We don't have any machines like that, but there are pills. The future is here!
Matt: "I don't think "Blade Runner" so much undermines Dick's novel as finds an alternate route to its themes and adds some hard action along the way."
In writing out how I disagreed with this statement I realized I probably didn't. Both novel and film are convinced the deadening of empathy marks one as horrifically nonhuman; but I'd say the book argues such beings exist and merit being eradicated (I'm not even sure Dick meant that metaphorically) while the movie's ultimate siding with the androids negates the premise, claiming everyone is human if you look hard enough. With complications, of course--both movie and book reserve their greatest mistrust for the all-too-human corporate heads trying to build the better android.

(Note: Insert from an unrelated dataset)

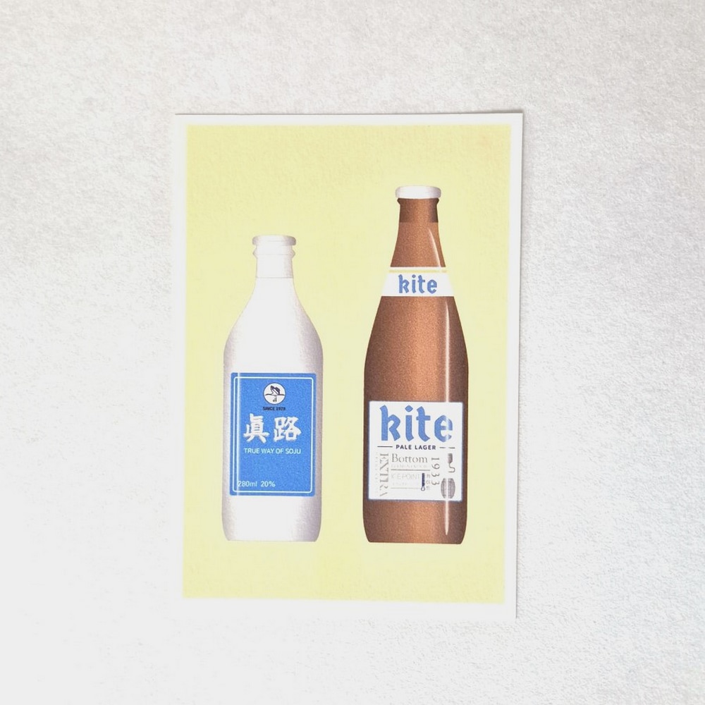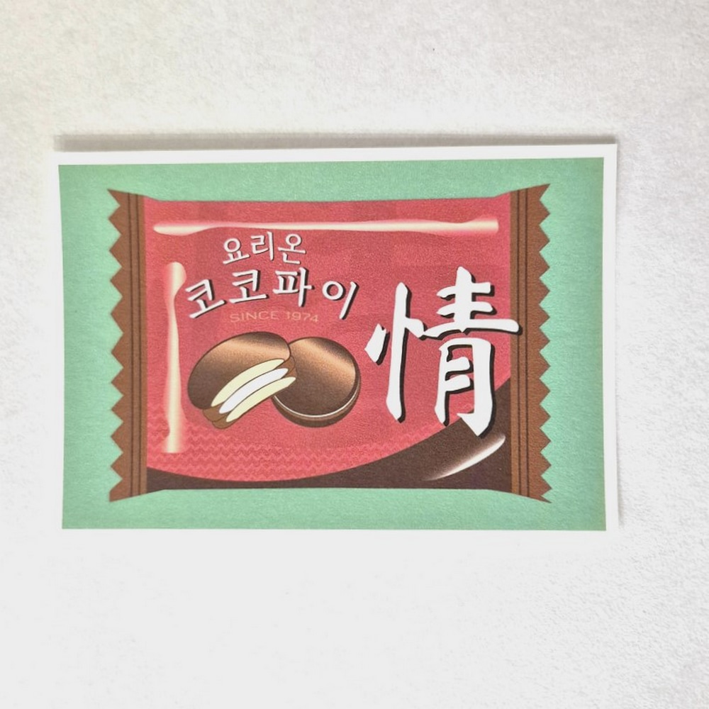 Postkarten mit ikonischen koreanischen Lebensmitteln.

I miss the mood organs as well, plus the role of animals in the book--a civic and spiritual investment that's inevitably sullied by class overtones--instead of the more conventional environmental/economic metaphor they play in the film. But I love Blade Runner dearly. For the marvelous dialogue (one of the most heady and quotable in all sci-fi); the assuredness of its presentation; career-high performances from Ford, Young, Hauer, and, till Deadwood came along, Sanderson; and, perhaps most of all, for Ryland's rain.
Bill, nice call on The Natural. Reading that a year or two after I'd seen the movie was quite a shock.
Another that occurred to me: the Peanuts tv specials, delightful in their own right, dependably less sacharrin and harder-edged than most kids' fare on television. Yet they still trade on communal uplift, rather than the tender isolation that was Schulz's calling card.
Have a better one.
I'm almost sick of talking BR at this point. What matters most is viewing. This Final Cut has me stoked. When talk started of Joanna Cassidy coming in to do work, it seemed to veer toward her dialogue scene with Deckard. "Why?", I wondered. The only scene with Zhora that needed fixing was her death.
Her death, despite the stunt double, is like in my Top Five. I'm ecstatic to know it's "fixed", but despite its obvious problems, I was always able to hone in on its beauty.
Late to the orgy on this, but the revoicing of the out-of-sync Abdul Ben Hassan sequence (which jarred me the very first time I saw the film) by Benjamin Ford (Harrison's son, who is pretty much the same age as his dad when he made the movie) is another major fix that helps the movie immeasurably. Go back to any other cut of the movie and see how badly out of whack it is, or was.
I really only need the 82 International Cut and this one to satisfy my BR jones but I'm glad the whole shebang, or most of it, is due on DVD.
Deckard as replicant? That's Ridley Scott trying to stir up interest for another 'final cut' he's peddling.
There's nothing in the film to suggest Deckard is a replicant, not in a literal sense. The point is that Deckard is mortal, a killer facing his own physical limits, and his need for love instead of death. (David Peoples would go on to write UNFORGIVEN, a perfect double bill with BLADERUNNER.)